Father Pitt

Why should the beautiful die?


Two Different Interpretations of Tudor in Oakland

The apartment building above, which faces Centre Avenue, is arranged as a kind of Tudor Renaissance palace. In defiance of its sloping site, it is a perfect rectangle arranged around an open courtyard. One can imagine Queen Elizabeth building herself a palace on this pattern.

Almost adjacent—in fact, directly adjacent in the rear parts—is the Schenley Arms, which sits in the narrow angle between Centre Avenue and Bigelow Boulevard.

Where the (unnamed, at least on its face) apartment building above is in the style of a Tudor palace, this is deliberately arranged in the ramshackle fashion of an old English inn. The deliberately haphazard shape takes advantage of a very irregular lot and gives the building an entirely different appearance from different angles.

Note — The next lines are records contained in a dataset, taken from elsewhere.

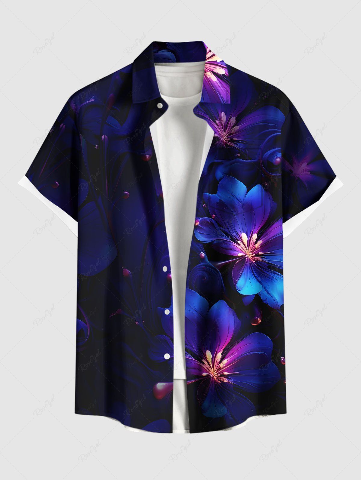 Plus Size Flowers Glitter 3D Print Buttons Pocket Hawaii Shirt For Men - S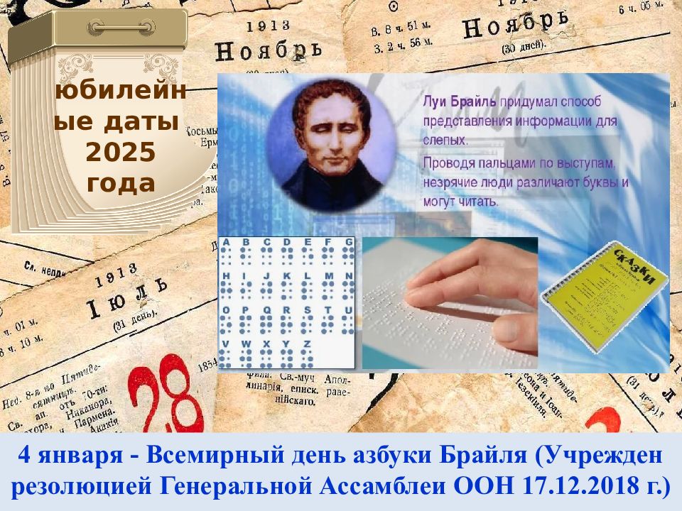 4 января - Всемирный день азбуки Брайля (Учрежден резолюцией Генеральной Ассамблеи ООН 17.12.2018 г.) юбилейные даты 2025 года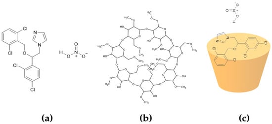 Chemical structures of (a) isoconazole nitrate and (b) methyl-β-cyclodextrin and (c) the schematic representation of the inclusion complex formation mechanism (ISN/M-β-CD).
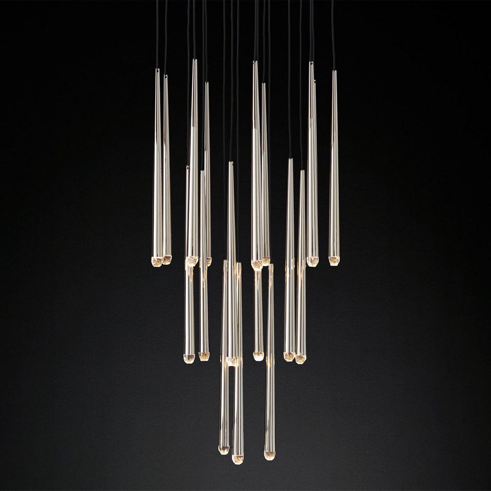 The Aquitaine Collection explores minimalist French design through suspended geometric forms and precise proportions. Faceted glass tips glow softly from slender cords, capturing a quiet balance of light and structure.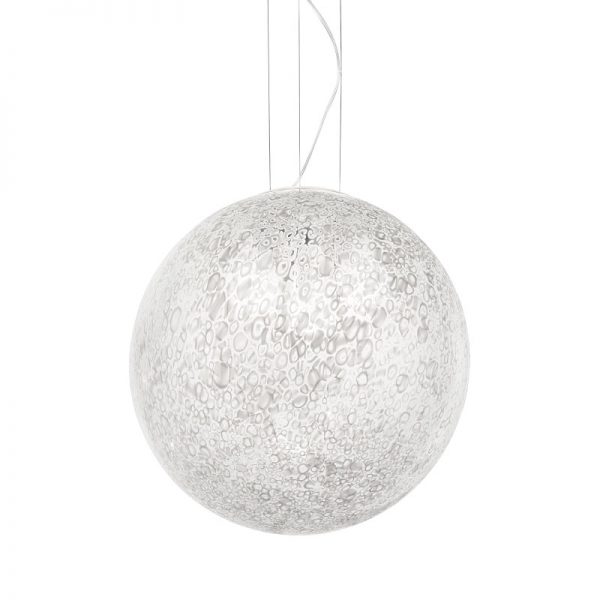 Rina is inspired by the dandelion, of which it recalls the pappus, thanks to the light texture of the surface, made with the traditional technique of murrine. It is available in different sizes that can be combined in a wide range of installations.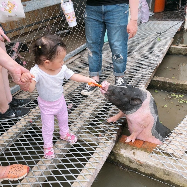 隱身於桃園大溪一座親子農場,園內不僅可以餵食梅花鹿、迷你豬及兔子等等小動物,更能玩水、體驗摸蜆及釣蝦釣魚,另外還能預約烤全雞套餐,無論是大人小孩都能吃喝玩樂超滿足,真的好適合親子同遊呢!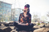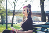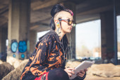 Zdjęcie "dziewczyna punk za pomocą tabletu" może być wykorzystywane do celów osobistych i komercyjnych zgodnie z warunkami zakupionej licencji Royalty-free. Obraz jest dostępny do pobrania w jakości wysokiej rozdzielczości do 5760x3840.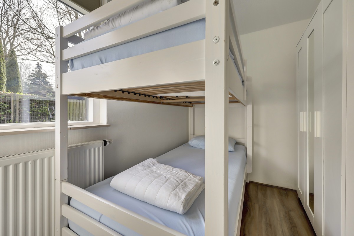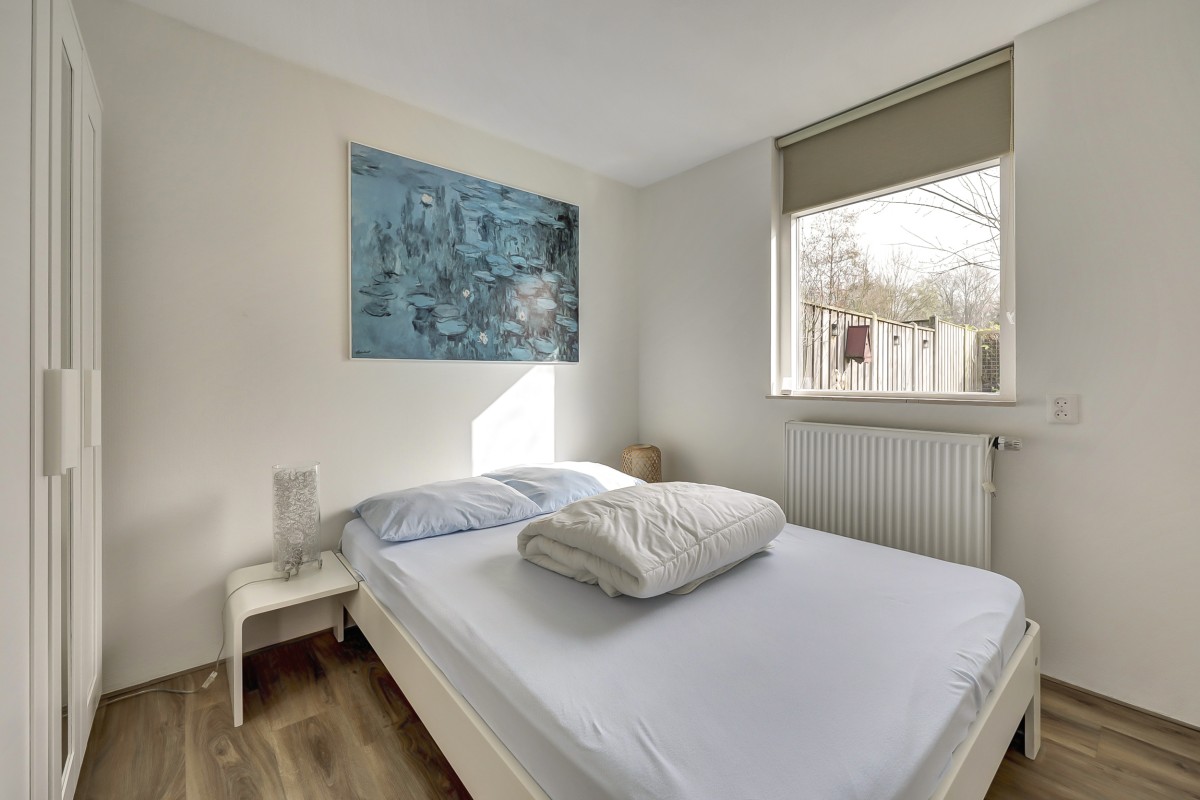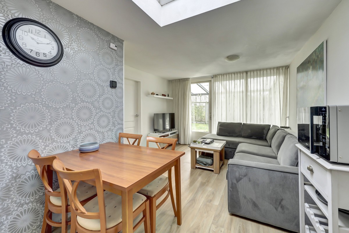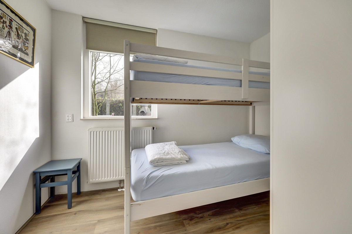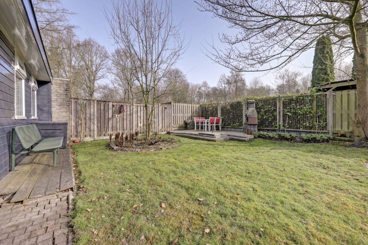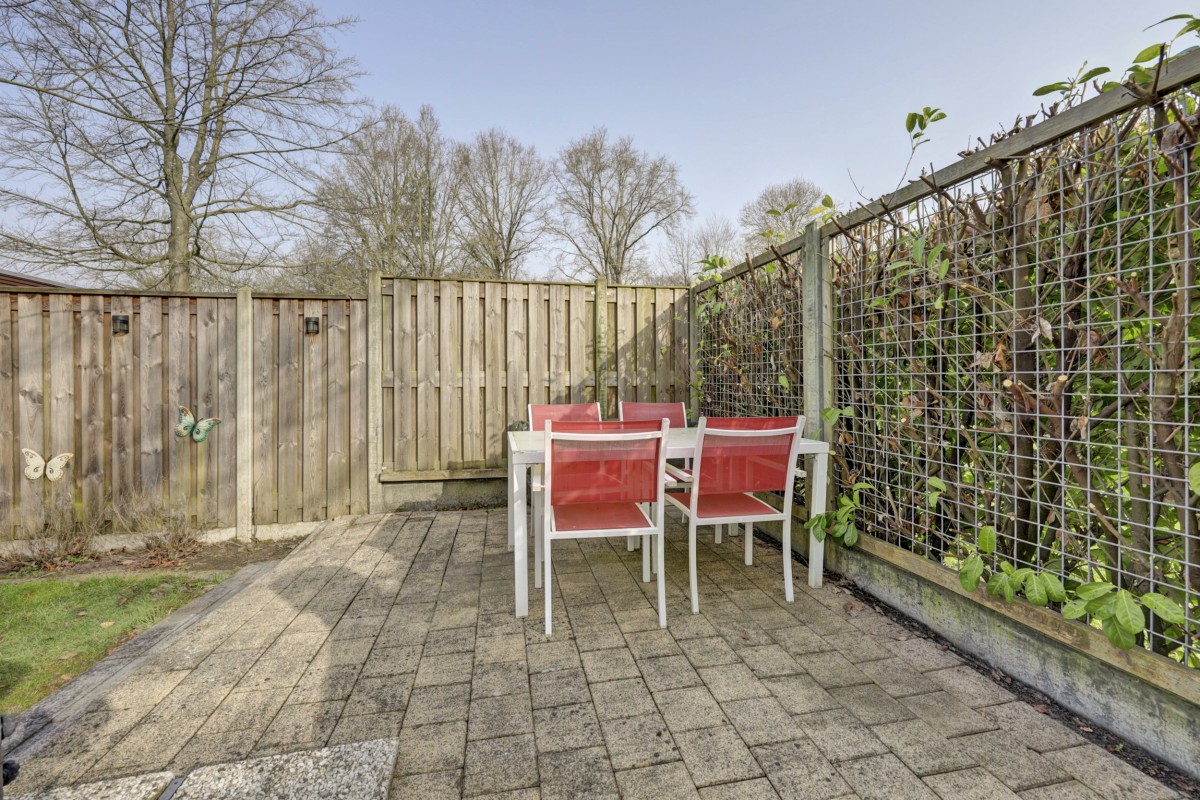 Lees verderAdditionally, the home features HR+ and HR++ glazing, contributing to extra comfort. Inside, you will find a neat and well-maintained finish. The walls are fitted with glass fiber wallpaper, and the ceilings are smoothly plastered. The floor features modern PVC flooring that provides a calm and contemporary look; extra PVC flooring is included for a potential extension of the bungalow. The kitchen has been renovated and is equipped with a built-in refrigerator, gas hob, extractor hood, and central heating boiler. The bathroom has also been renovated and features a walk-in shower, wall-mounted toilet, and washbasin. The bungalow has two bedrooms and a practical layout, providing ample space for a comfortable stay. Under the covered patio, you can also enjoy the sheltered green and peaceful surroundings outdoors. There is also a storage shed on the property, ideal for storing bicycles, garden furniture, or recreational equipment.

Neither one of these buildings is a very accurate representation of real Tudor architecture: they are mostly put together from standard parts with Tudor accents added. But the Tudor accents are valuable. Especially in the Schenley Arms, they give the building an architectural reason for being an absurd mishmash of odd angles: it looks as though the building was supposed to be that way, rather than forced into its absurd shape by the constraints of an absurd property.

Update: Note the comment below identifying Edward Crump, Jr., as having designed and built the Schenley Arms. The other building, which was named the Pennsylvanian, was designed, constructed, financed, and managed by architect Daniel A. Crone, according to his biography in Pittsburgh of Today (1931).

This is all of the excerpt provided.